Gayle Baron, the development corporation's president, told members of the board that the BID would go a long way to turning Long Island City and the Queens Plaza into the gateway Queens deserves.
"(Right now) it's certainly not as attractive as it could be," she said of the area.
Baron said the BID will focus on three primary improvements for the area it covers: sanitation, security and marketing.
The BID includes 85 properties along Queens Plaza North and South between Jackson Ave. and 21st Street.
Commercial property owners in the area would foot the bill for the additional services, paying yearly assessments that would be calculated based on the size of their entities.
Residential property owners would pay nothing, Baron said.
Yearly assessments would range from more than a $100,000 to as low as $200, with a median payment of $1,196.
Citibank, the largest property owner, would pay $108,000. Metropolitan Life would pay the next highest rate at $54,000.
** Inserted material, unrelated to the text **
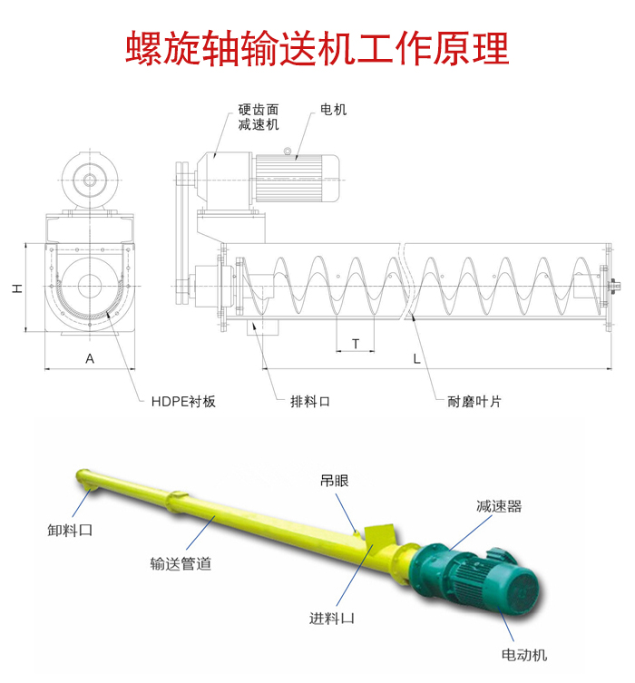 螺旋軸輸送機(jī)主要由驅(qū)動(dòng)裝置,機(jī)殼、蓋板、螺旋軸、螺旋葉片、進(jìn)料口、出料口等部件組成。

The fees are worth it, Baron said. "We believe that by the creation of a BID, everybody wins."
For about two years, the BID's sponsors have pursued an aggressive campaign to promote public awareness and garner support for the project, Baron said.
Michael Reale, who conducted outreach for the development corporation, said the organization sent out informational packets to all property owners, hosted two public meetings, phoned owners who did not respond and sent out final letters. In all, he said he held more than 200 conversations on the matter.
"We tried to be inclusive as possible and we'll try to answer any questions we can," Baron said.
The campaign worked, Baron and Reale said.
More than 50 of the properties have offered their consent for the plan either explicitly or by not saying no, Reale said, meaning the group has surpassed the 51 percent approval requirement in order for the City Planning Commission to review the project.
With little debate, Community Board 2, which represents Woodside, Sunnyside and Long Island City, voted to approve the plan last Thursday during its monthly meeting.
The development corporation was slated to testify before the Planning Commission Wednesday.
The group hopes to gain City Council approval to have the BID in place by January 2005, Baron said.
Baron said she expected the BID's creation to continue Long Island City's positive evolution.
"There are parts of Long Island City that are cleaner than it was a year ago and we're looking to see if there's a way to keep that in place," Baron said.
In other news, fellows from the Design Trust for Public Space, announced an initiative aimed at fostering a sense of common identity for Long Island City's far-flung attractions.
Nina Rappaport, one of the fellows, said 20 signs bearing a specially designed logo -- "Long Is City" -- were to spring up in subway advertising space donated by Clear Channel Communications.
The logo, she said, speaks to the varied nature of the area's uses, including art venues, restaurants, housing and industry.
"We're not interested in directing people through little. tiny street signs," Rappaport said. The project is to ensure "that when people get to Long Island City, they know they're here."